Sunday, February 5, 2012

8 Miles of Birding

I had a good chunk of a day and wanted to do a lot of local birding so I broke out my Newton Conservators Trail Guide to see what I could find. Looking at the map of Newton, the biggest stretch of green space quickly jumps out at you. Nahanton Park in Newton, Helen Heyn Riverway of Newton, Cutler Park in Needham, Millenium Park and Brooks Farm of West Roxbury. So I decided to make a hiking loop. Check out the Newton Conservators' website for maps of these areas.

I arrived at Nahanton at 9am and the day still had quite a chill to it. I was thinking that I had a ways to walk so I wouldn't spend too much time in this favorite haunt, but was quickly sidetracked in the lower gardens. Many of our usual friends were there but I kept seeing this sulker flush from the brush and fly to the opposite side. This bird had this warm reddish brown hue to it that made me think of a female cardinal, a fox sparrow, and hermit thrush. So I kept passing around the gardens, now actively trying to find this one elusive bird. I moved slower, carefully peering into the deep brush surrounding the gardens before a brief glimpse of an eye ring. Eventually our friend was curious about me and he came out from cover a little more.  When I saw his brown head and back, spotted breast, and the rufous tail. The game was up: a hermit thrush! My first of Massachusetts.

Now I really was behind schedule so I tried to pick up the pace as I took the path down to the river for a few geese and mallards (still no luck with the mergansers) and a quick and quite stroll around woodcock meadow.
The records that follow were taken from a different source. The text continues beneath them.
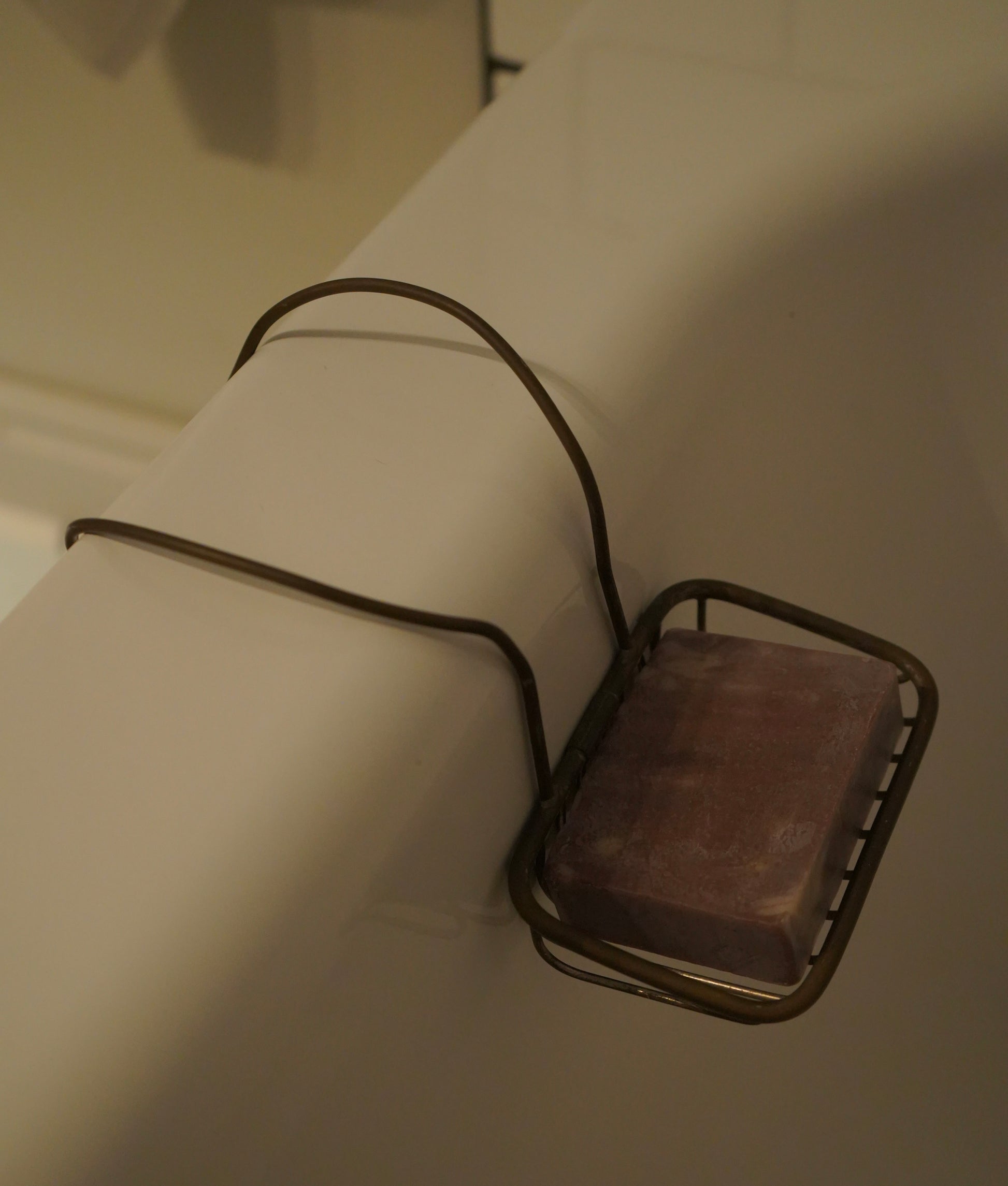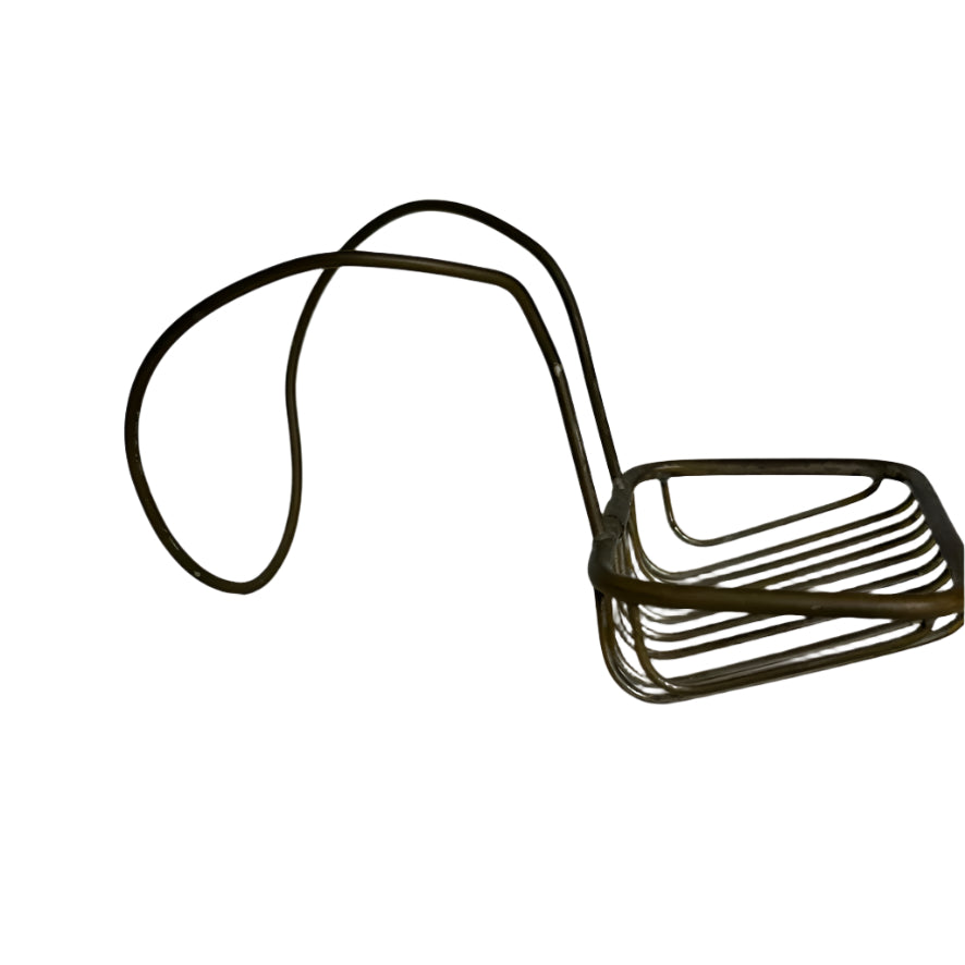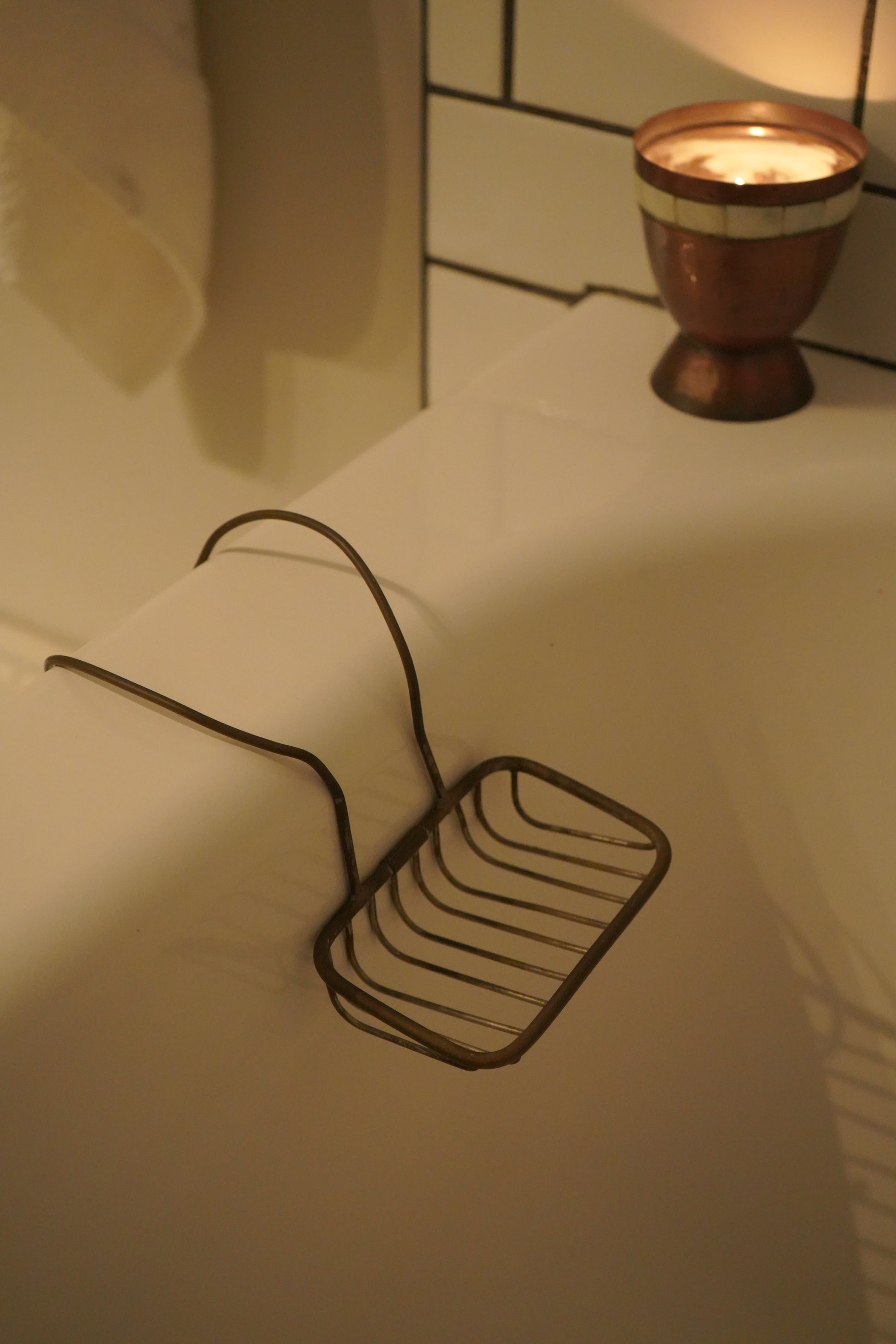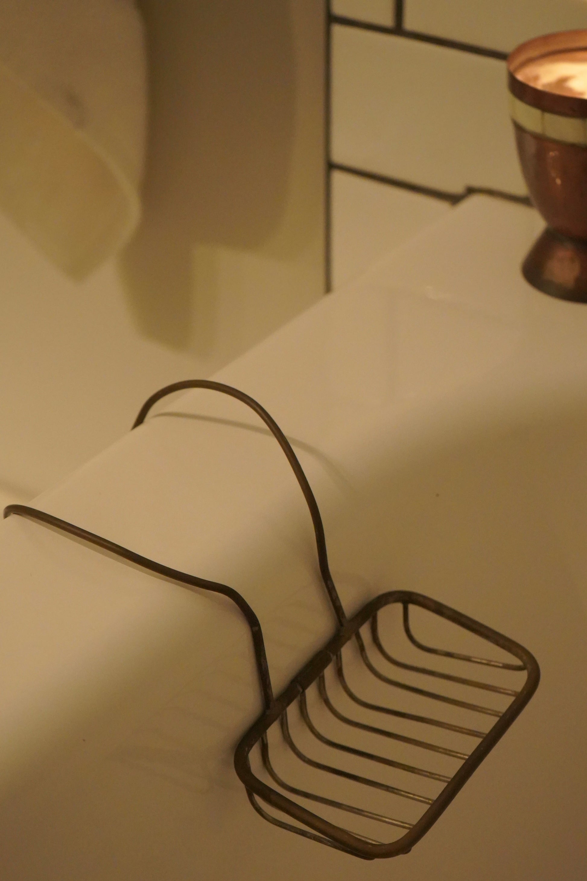 Meet your new favorite bathroom accessory: a genuine late-Victorian brass soap basket (circa 1890–1920) that simply hooks over the rim of your tub and gives your daily routine a dash of old-school charm. Crafted from solid brass wire and left with its mellow honey patina intact, it drains water beautifully so your soap stays firm and lasts longer. Compact enough for any bath—around 5″ wide and 3″ deep—this little basket was once a must-have in homes where soaking was as much about relaxation as getting clean. Originals like this are hard to find (most got swapped for chrome in the 1930s–’40s).
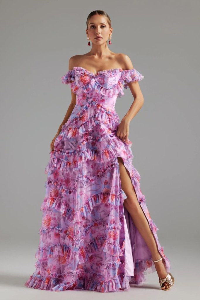 This purple off-the-shoulder floral maxi dress is a showstopper. Designed with cascading ruffles and intricate floral patterns, it blends classic femininity with modern drama. The structured bodice enhances the silhouette, while the daring thigh-high slit adds movement and allure. Ideal for evening events and wedding guest attire, this dress is a statement in itself.
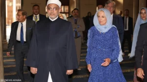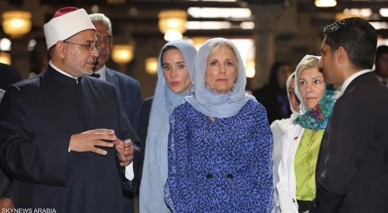 واستمعت السيدة الأولى لشرح توضيحي من رئيس جامعة الأزهر، الدكتور سلامة داود، حول تاريخ الجامع، وما يضمه من أروقة.
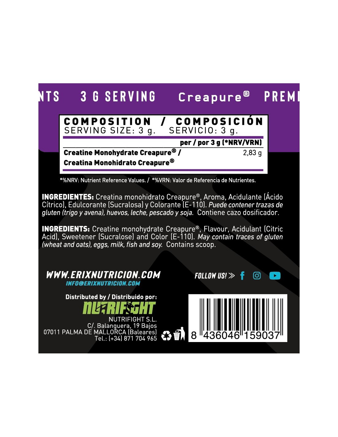 En Erix Nutrición hemos decidido formular una Creatina con los mayores estándares de pureza y calidad, siendo su ingrediente Creapure® y aromas. El sello Creapure® asegura que está fabricado con los mayores controles de calidad, proporcionando una creatina sin impurezas y de una calidad inigualable.
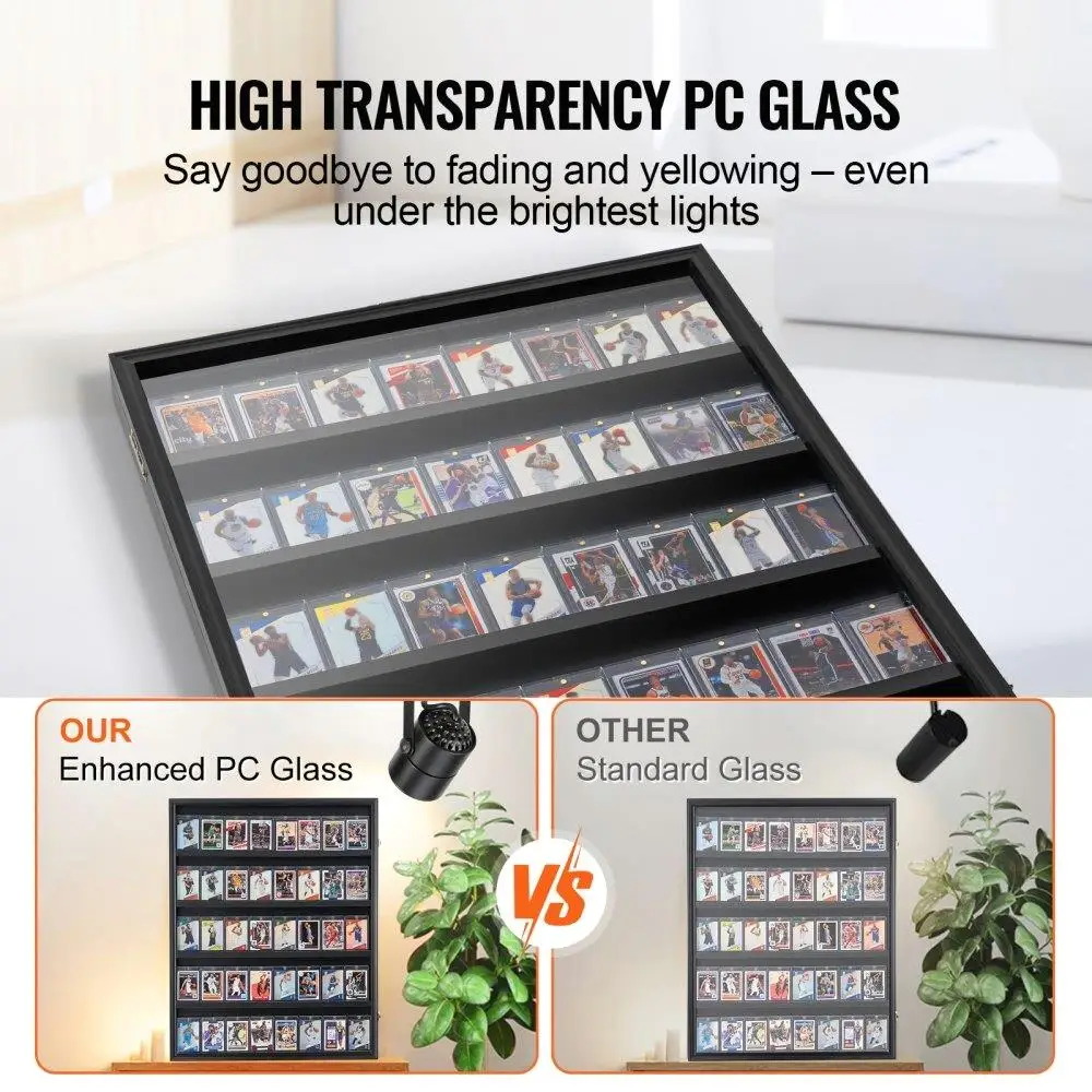 Experience Crystal-Clear Display: Our display cases for cards features PC glass panels with exceptional transparency (over 92%) and UV protection (98% UV resistance), providing a high-definition viewing experience. Your cards stay vibrant and resist fading or discoloration, even under prolonged exposure to light. Invest in quality and protection for your memorabilia today!
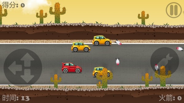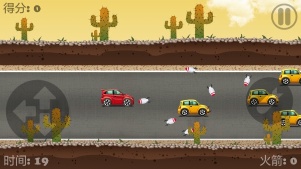 一款简单有趣的公路赛车游戏,不同之处在于可以边驾驶汽车边收集公路上的炸弹,并可使用炸弹击毁前方阻挡的车辆。每击毁一辆汽车得10分,看你能击毁多少辆呢。
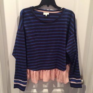 BNWOT Deletta Ruffled Rugby Pullover from Anthropologie. Cotton blue stripes with pink chiffon ruffle detail.
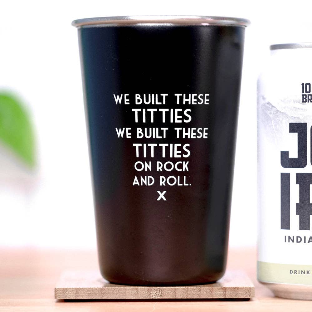"We built these titties, We built these titties on Rock and Roll." ~Starship Glass Dimensions: One Pint (16 oz) Care Instructions: Hand wash recommended Material: Stainless steel
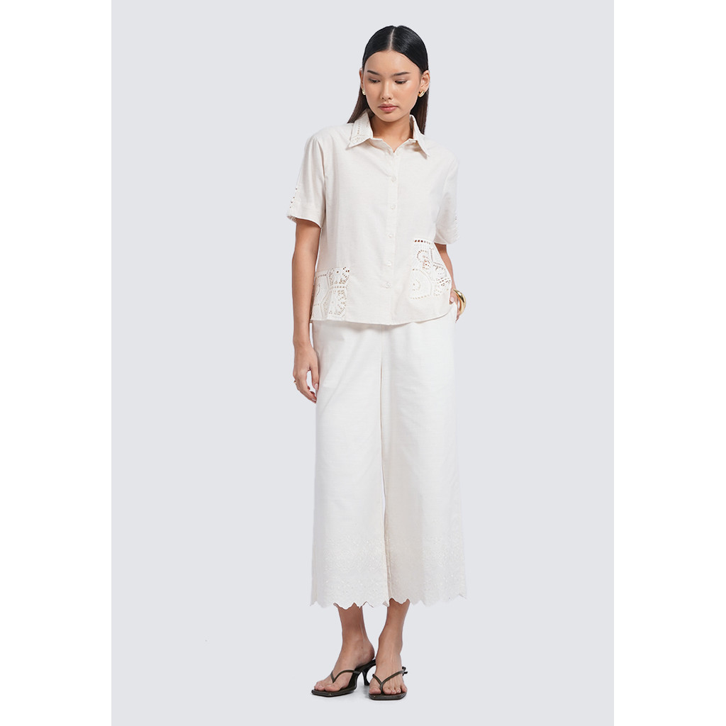 Et Cetera Eyelet Details Short Sleeve Blouse ECRU Original Best Seller Official Store
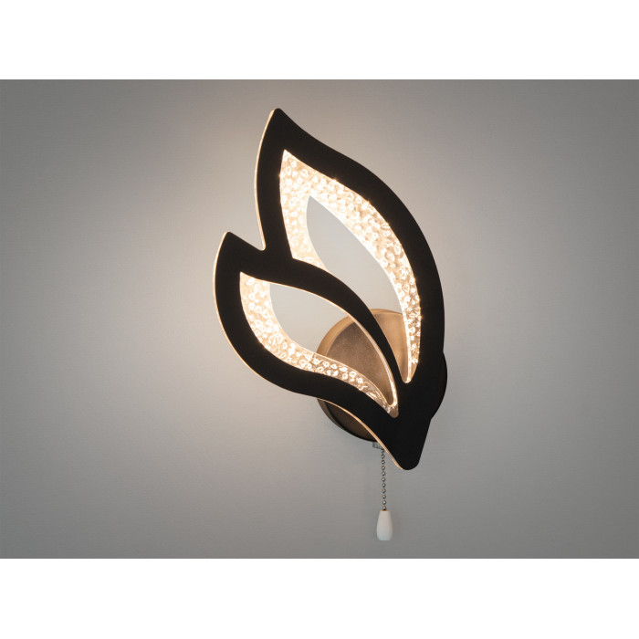 Дизайн світильника з акриловим розсіювачем, який елегантно вигинається та обрамляє світлодіодні елементи, додає пристрою оригінальності та сучасного вигляду. Нові плафони виготовлені з прозорого акрилу з декоративними бульбашками. Через прозорі акрилові плафони просвічує малюнок шпалер або декоративної штукатурки, при включенні бра відкидає на стіну унікальний ореол з відблисків та тіней. Інтегровані світлодіоди забезпечують ефективне освітлення з мінімальним споживанням енергії та тривалим терміном служби.
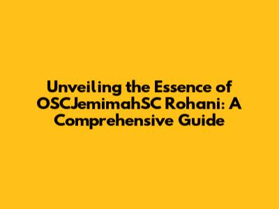 The Significance of OSCJemimahSC Rohani: Why Does It Matter?
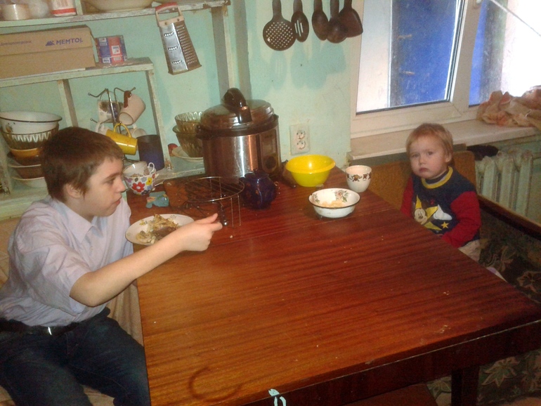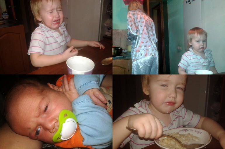 У Андрюшика очередной псих, т.к. не дали ему ложку с цветочками. Детвора кушает макароны с молоком. Им все нужно с молоком.

At this point my fingers were quite cold as I walked to Nahanton St and crossed the river leaving Nahanton park behind. The middle section of this story will continue on our new blog "wild newton" designed to be a newton wide companion to nahanton park bird news.

Visit Wild Newton

When I finally crossed back into Nahanton park from the Helen Hyen Riverway I was quite behind schedule and didn't plan on stopping to bird at all. By the Nature Center tons of robins were flitting about then I passed onto the little trail that abuts the vernal pool and the fields. Just before the driveway the bird chatter picked up. It turned out to be two fearless Golden-crowned Kinglets, certainly the bird of the day, working the brush in an energetic chickadee like manner all the while flashing those golden crowns. What a way to end this adventure.